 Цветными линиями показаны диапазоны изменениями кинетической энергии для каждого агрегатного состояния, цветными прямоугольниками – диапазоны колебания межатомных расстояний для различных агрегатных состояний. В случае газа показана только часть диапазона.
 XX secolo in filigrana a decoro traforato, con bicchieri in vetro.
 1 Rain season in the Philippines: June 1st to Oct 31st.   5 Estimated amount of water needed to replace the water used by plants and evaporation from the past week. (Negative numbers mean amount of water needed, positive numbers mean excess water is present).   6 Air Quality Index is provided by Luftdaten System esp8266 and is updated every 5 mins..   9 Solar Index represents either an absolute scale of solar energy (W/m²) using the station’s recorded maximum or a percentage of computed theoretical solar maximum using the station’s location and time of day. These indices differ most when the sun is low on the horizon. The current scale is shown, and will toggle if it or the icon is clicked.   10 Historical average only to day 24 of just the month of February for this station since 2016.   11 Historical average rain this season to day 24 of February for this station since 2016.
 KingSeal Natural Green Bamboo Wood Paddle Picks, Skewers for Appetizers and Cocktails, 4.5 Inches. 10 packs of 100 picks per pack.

...

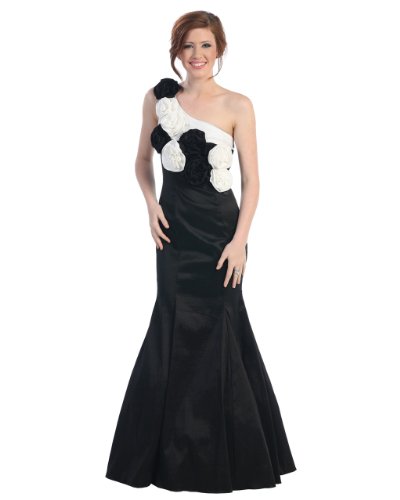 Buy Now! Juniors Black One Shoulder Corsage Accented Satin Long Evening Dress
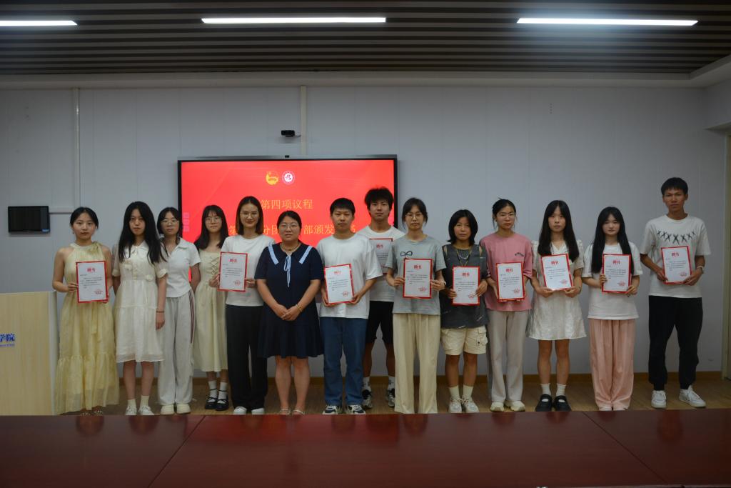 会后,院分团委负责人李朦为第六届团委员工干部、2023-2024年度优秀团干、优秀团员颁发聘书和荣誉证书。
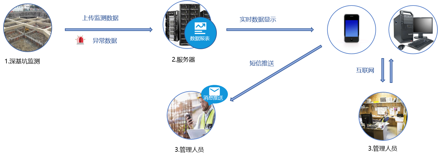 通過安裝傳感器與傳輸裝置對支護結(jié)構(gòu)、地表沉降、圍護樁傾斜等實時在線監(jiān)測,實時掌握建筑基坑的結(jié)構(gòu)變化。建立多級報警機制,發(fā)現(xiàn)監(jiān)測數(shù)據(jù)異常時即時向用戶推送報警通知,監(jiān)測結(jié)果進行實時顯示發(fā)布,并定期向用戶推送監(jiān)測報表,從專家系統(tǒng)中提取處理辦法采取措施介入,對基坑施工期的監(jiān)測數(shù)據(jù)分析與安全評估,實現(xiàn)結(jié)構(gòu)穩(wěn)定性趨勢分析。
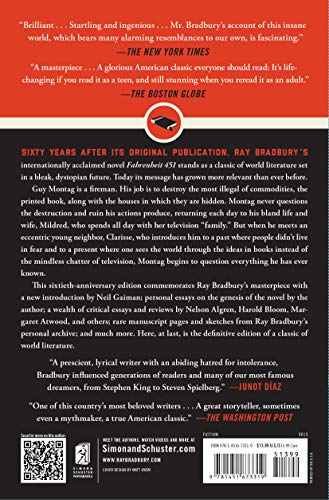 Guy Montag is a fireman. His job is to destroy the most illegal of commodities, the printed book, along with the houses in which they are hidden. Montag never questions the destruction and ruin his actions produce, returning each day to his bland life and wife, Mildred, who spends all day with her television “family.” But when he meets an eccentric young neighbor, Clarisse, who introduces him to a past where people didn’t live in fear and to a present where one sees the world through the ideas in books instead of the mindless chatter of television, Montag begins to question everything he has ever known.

* _WHAT IS BEING ASKED_
Only the lines above from the line containing "XX secolo in" through the line containing "1 Rain season" should be retyped, exactly and with both ends included.

* _PROBLEM SOLUTION_
 XX secolo in filigrana a decoro traforato, con bicchieri in vetro.
 1 Rain season in the Philippines: June 1st to Oct 31st.   5 Estimated amount of water needed to replace the water used by plants and evaporation from the past week. (Negative numbers mean amount of water needed, positive numbers mean excess water is present).   6 Air Quality Index is provided by Luftdaten System esp8266 and is updated every 5 mins..   9 Solar Index represents either an absolute scale of solar energy (W/m²) using the station’s recorded maximum or a percentage of computed theoretical solar maximum using the station’s location and time of day. These indices differ most when the sun is low on the horizon. The current scale is shown, and will toggle if it or the icon is clicked.   10 Historical average only to day 24 of just the month of February for this station since 2016.   11 Historical average rain this season to day 24 of February for this station since 2016.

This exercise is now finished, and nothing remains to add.